To determine which region of the 25-kDa subunit of CF Im was responsible for the interaction with the pre-mRNA, the same GST fragments that were previously used for the protein-protein interaction experiments (Fig. 1C) were assayed in an RNA pull-down experiment. The different GST fragments were incubated under cleavage conditions with the labeled substrate, and RNA-protein complexes were subsequently immobilized on GST-Sepharose. Fig. 4B shows that the fragment consisting of amino acids 1–160 binds to RNA as efficiently as the full-length GST-25 (Fig. 4B, lanes 2 and 3). Smaller fragments comprising amino acids 1–80 and 81–160, respectively, also interact with RNA albeit weaker (Fig. 4B, lanes 5 and 6), whereas the C-terminal fragment (aa 161–227) and the fragment consisting of amino acids 81–227 fail to do so. We conclude from our data that the C-terminally 80 amino acids are not required for RNA binding.
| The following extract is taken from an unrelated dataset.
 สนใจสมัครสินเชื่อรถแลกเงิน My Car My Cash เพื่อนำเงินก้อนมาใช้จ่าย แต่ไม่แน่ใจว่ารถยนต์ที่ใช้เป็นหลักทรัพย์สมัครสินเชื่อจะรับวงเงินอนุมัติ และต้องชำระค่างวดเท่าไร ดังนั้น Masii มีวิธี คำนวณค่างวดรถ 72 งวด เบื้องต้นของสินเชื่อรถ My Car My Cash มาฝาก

In a similar way, we also mapped the RNA binding region of the 68-kDa polypeptide. As shown in Fig. 4C, the N-terminal fragment containing the RRM did not significantly bind the RNA (lanes 3–6). In contrast, both the C-terminal RS-like domain and the RRM/RS fusion polypeptides were able to efficiently pull-down the substrate (lanes 7–14). This probably reflects an ionic interaction between the positively charged RS-like domain and the RNA.
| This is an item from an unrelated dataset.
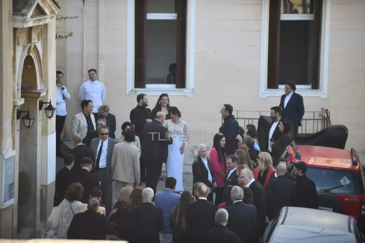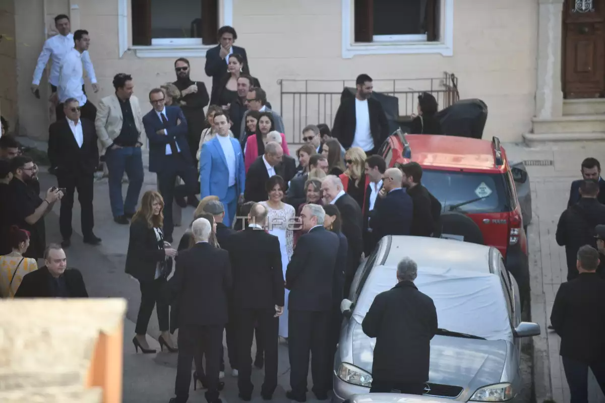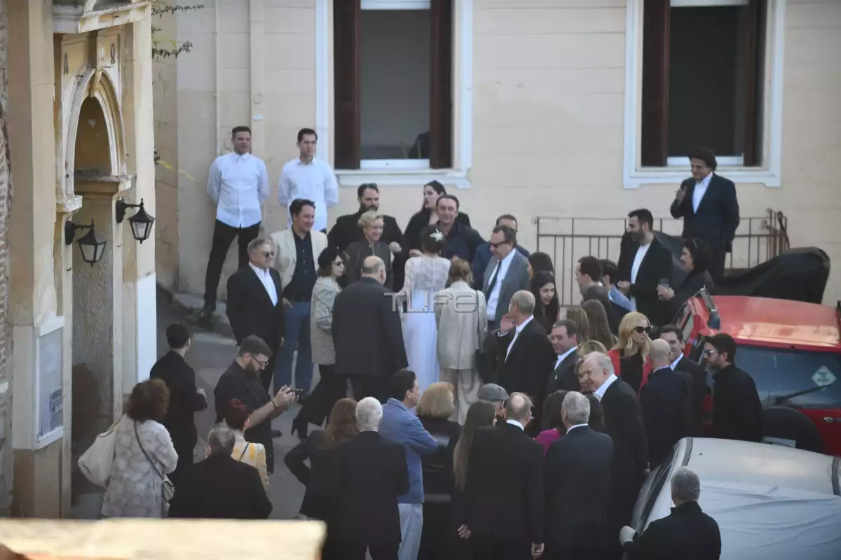 Μεταξύ των καλεσμένων, οι οποίοι δεν ξεπερνούσαν τους 60, ήταν η Δούκισσα Νομικού με τον σύζυγό της, Δημήτρη Θεοδωρίδη, ο Θοδωρής Αθερίδης, ο Χρήστος Χωμενίδης και ο Ρένος Χαραλαμπίδης, ενώ από το πλευρό της νύφης δεν έλειπε η αδερφή της, Μαρία Ματσούκα.

Synergistic RNA binding of CF Im25 and CF Im68 was confirmed by RNA pull-down assays with the same GST-68 proteins used before and in the presence of increasing amounts of the recombinant histidine-tagged 25-kDa subunit (Fig. 4D, His-CF Im25). The addition of the 25-kDa subunit increased the amount of RNA precipitated by the GST-RRM/RS protein (Fig. 4D, lanes 13–16) and enabled the GST-RRM fragment to pulldown RNA (Fig. 4D, lanes 3–6). This could be explained by the concomitant interaction of the 25-kDa polypeptide with the RNA and the GST-tagged RRM fragment of the 68-kDa protein. The addition of CF Im25 to the RS-like domain of CF Im68 did not increase the amount of precipitated RNA (Fig. 4D, lanes 8–11), most probably because the 25-kDa protein cannot interact with GST-68RS. Taken together, these results suggest that the 25-kDa protein and one of the larger subunits cooperate to recognize the CF Im binding sites on the pre-mRNA.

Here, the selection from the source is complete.